## Task to carry out
Reproduce only this stretch of the listing below: from the line with "3月12日,十二屆全國人大五次會(huì)議新聞中心舉行記者會(huì),教育部部長陳寶生回答中外記者的提問。 新華社 圖" through the line with "2 Mooie vintage", exactly as written, with pictures excluded.

## Supplied information
[Start of Attachment]

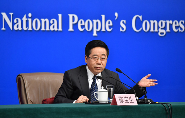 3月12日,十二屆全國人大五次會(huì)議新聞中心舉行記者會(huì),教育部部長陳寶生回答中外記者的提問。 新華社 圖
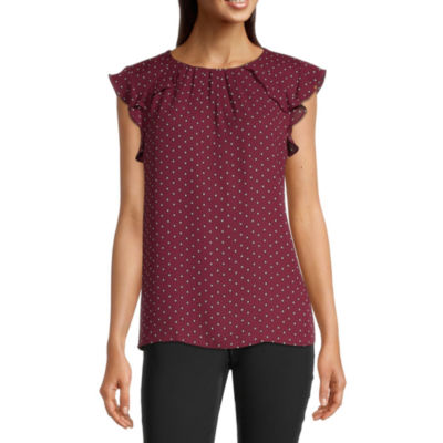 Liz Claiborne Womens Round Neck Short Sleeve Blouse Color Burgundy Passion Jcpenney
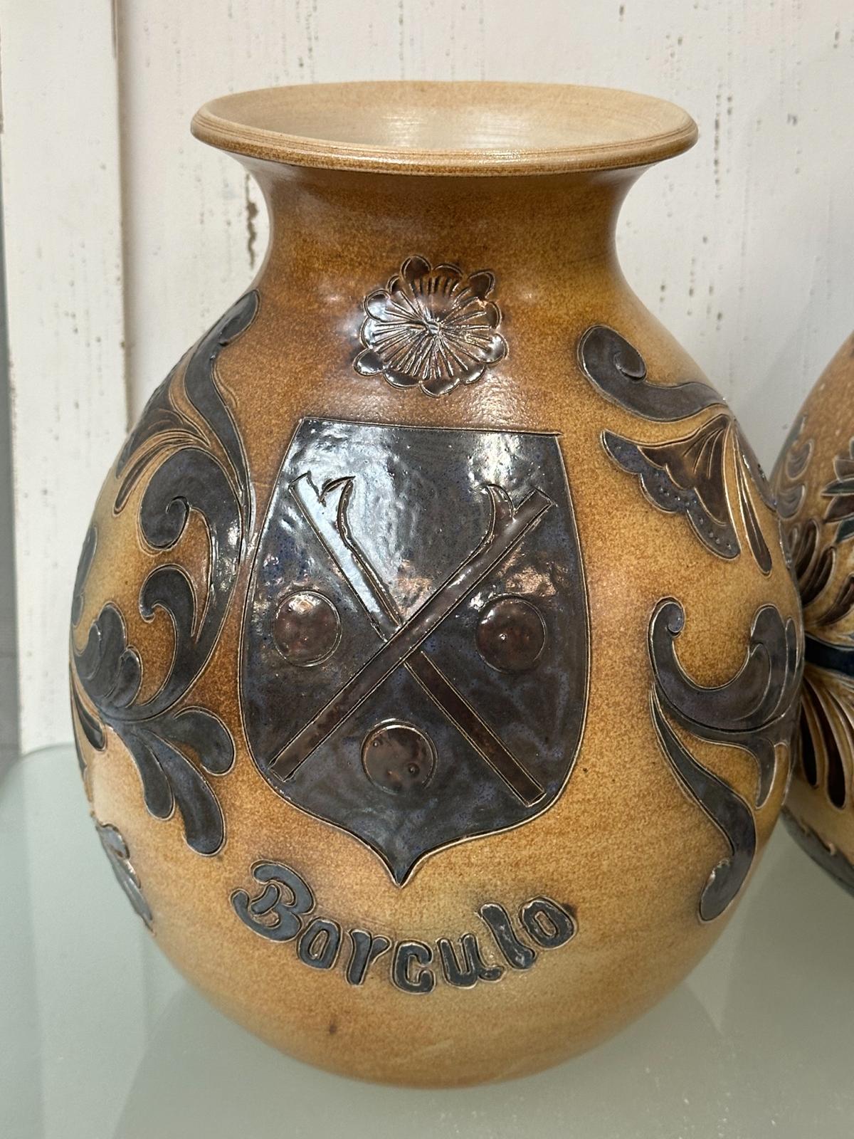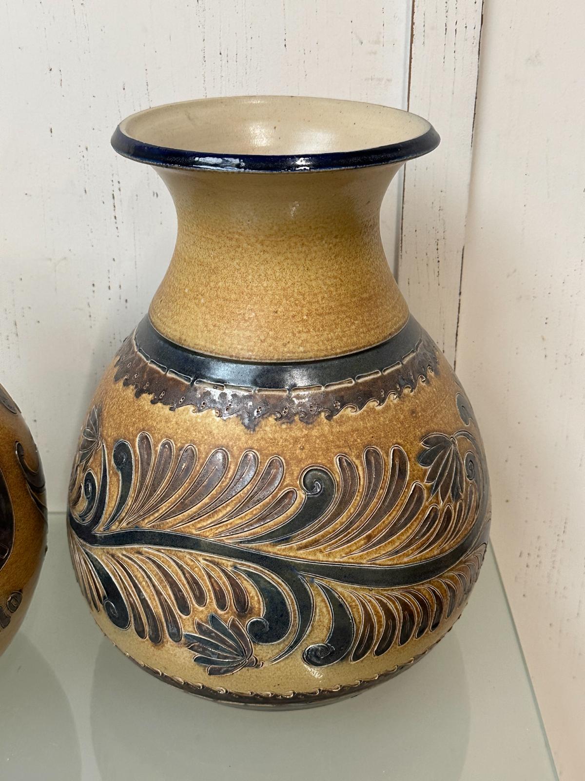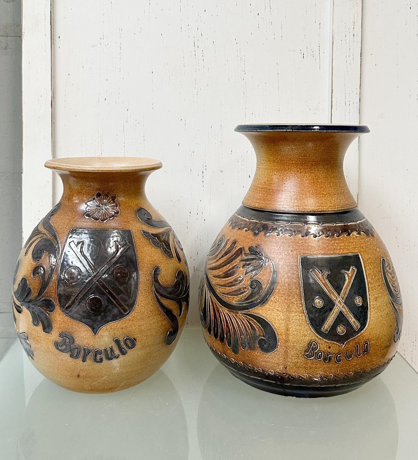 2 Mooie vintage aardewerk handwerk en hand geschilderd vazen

[End of Attachment]
[Start of Attachment]

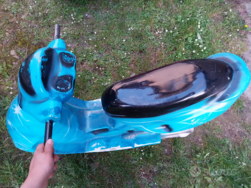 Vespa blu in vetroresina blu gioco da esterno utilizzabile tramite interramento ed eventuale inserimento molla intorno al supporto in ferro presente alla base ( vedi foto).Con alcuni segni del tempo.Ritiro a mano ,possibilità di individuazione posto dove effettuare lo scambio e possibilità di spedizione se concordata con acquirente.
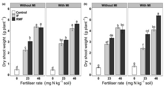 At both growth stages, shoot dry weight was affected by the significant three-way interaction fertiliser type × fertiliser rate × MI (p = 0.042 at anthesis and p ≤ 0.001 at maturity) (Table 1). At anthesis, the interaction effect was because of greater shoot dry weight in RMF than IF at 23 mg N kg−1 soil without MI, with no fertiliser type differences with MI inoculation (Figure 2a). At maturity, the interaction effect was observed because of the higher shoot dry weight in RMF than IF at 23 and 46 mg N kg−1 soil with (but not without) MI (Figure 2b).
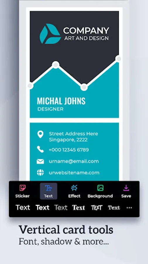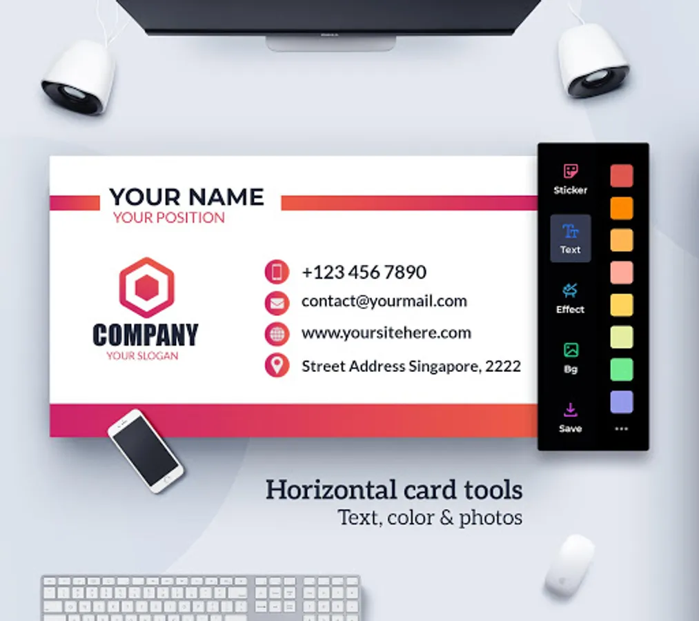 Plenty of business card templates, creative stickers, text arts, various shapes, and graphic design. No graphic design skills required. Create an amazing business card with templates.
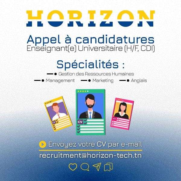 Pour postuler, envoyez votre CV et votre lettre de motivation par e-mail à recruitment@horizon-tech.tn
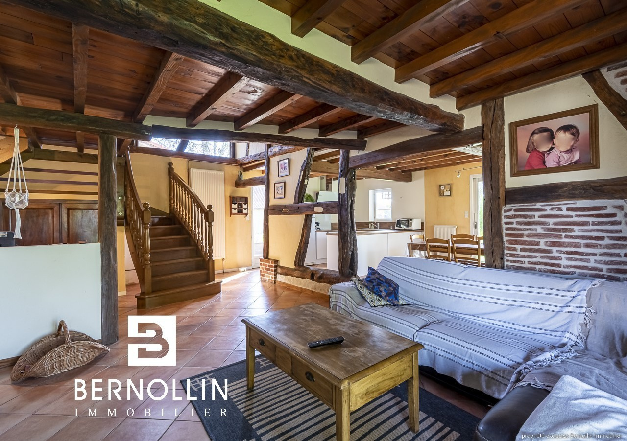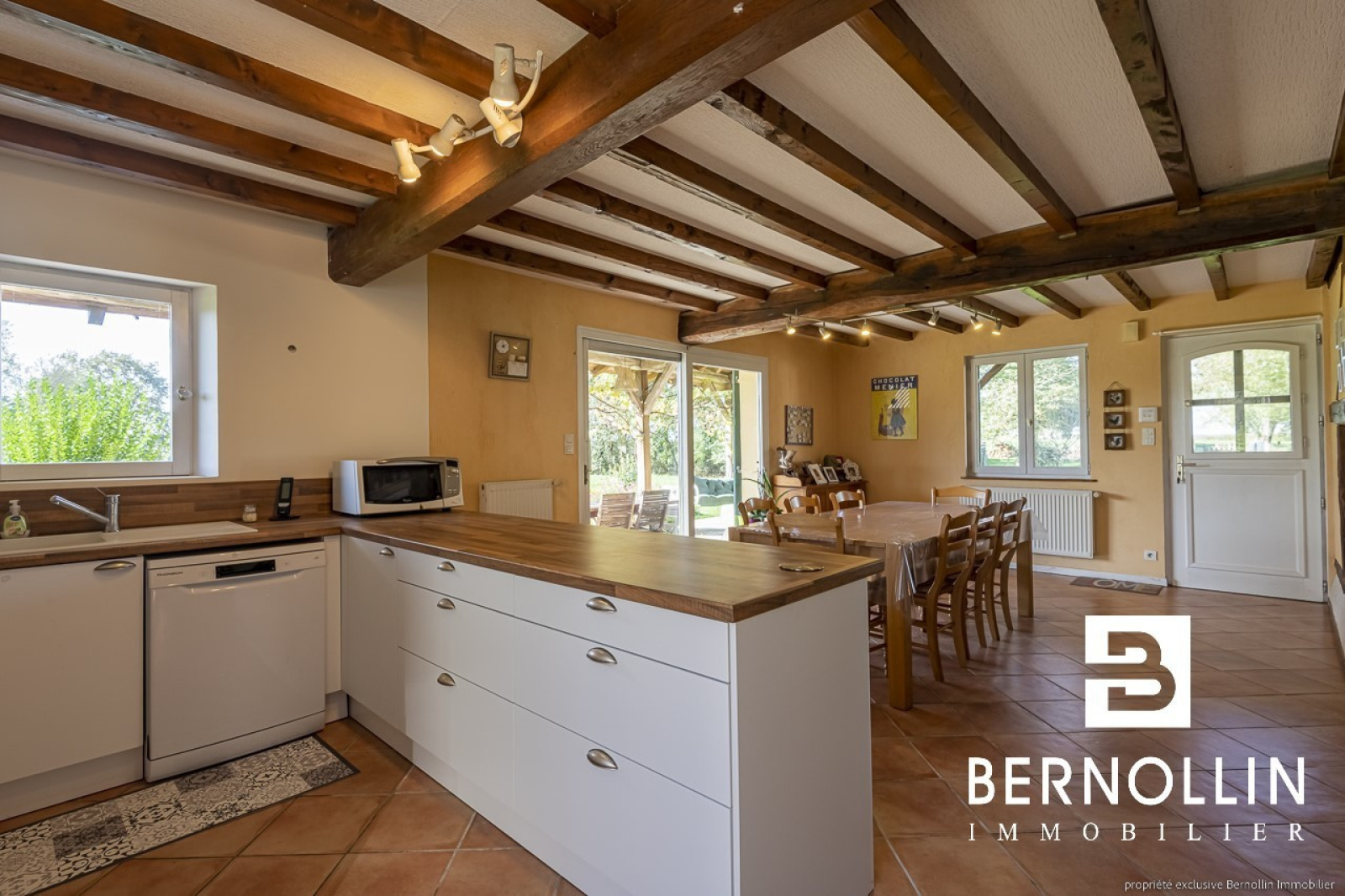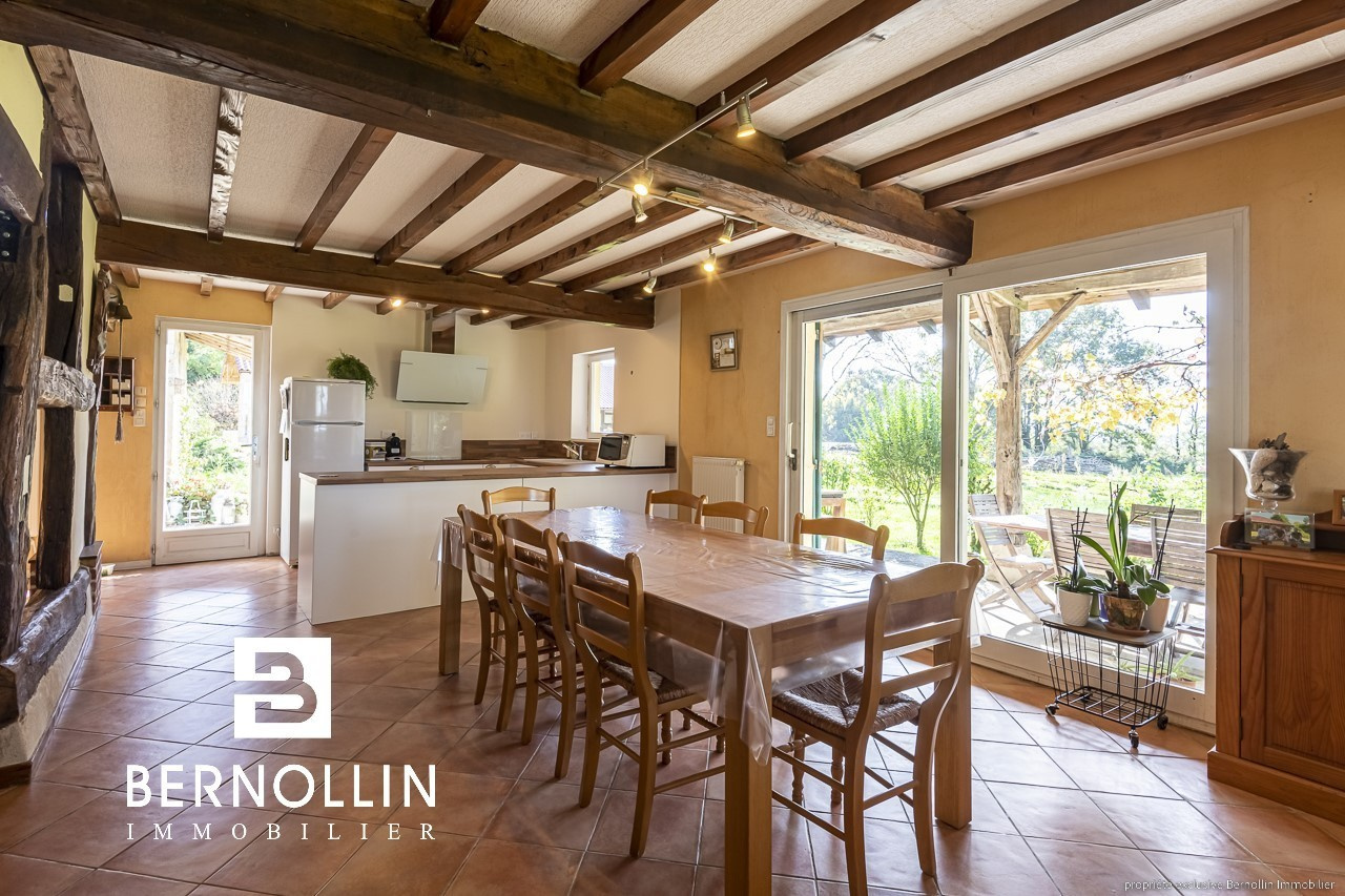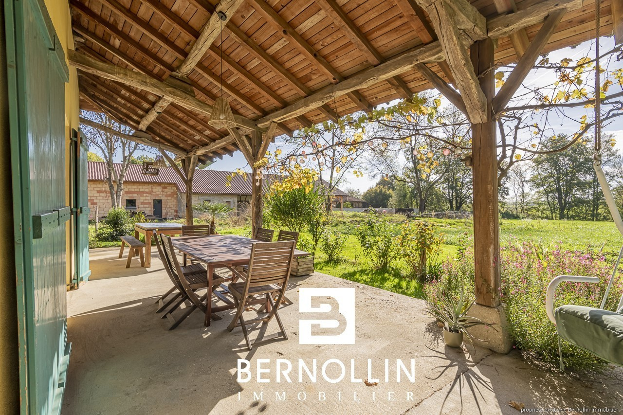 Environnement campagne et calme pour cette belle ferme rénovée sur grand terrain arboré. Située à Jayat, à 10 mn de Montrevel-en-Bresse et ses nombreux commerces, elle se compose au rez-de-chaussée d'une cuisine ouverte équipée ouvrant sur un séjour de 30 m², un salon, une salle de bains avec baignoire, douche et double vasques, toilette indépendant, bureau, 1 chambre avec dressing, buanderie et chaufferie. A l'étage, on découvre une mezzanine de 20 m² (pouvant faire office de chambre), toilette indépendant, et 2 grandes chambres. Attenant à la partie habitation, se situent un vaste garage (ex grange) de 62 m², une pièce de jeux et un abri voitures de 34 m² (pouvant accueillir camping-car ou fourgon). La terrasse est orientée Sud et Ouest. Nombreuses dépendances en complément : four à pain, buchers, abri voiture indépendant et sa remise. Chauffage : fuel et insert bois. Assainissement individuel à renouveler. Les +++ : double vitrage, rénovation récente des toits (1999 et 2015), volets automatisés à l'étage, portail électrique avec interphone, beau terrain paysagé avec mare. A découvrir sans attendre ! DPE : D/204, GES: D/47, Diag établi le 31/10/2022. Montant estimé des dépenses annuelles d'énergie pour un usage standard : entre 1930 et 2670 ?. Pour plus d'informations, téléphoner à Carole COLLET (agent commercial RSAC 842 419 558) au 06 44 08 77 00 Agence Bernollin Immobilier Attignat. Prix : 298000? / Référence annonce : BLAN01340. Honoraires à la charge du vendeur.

[End of Attachment]

## Result of the exercise
 3月12日,十二屆全國人大五次會(huì)議新聞中心舉行記者會(huì),教育部部長陳寶生回答中外記者的提問。 新華社 圖
 Liz Claiborne Womens Round Neck Short Sleeve Blouse Color Burgundy Passion Jcpenney
 2 Mooie vintage aardewerk handwerk en hand geschilderd vazen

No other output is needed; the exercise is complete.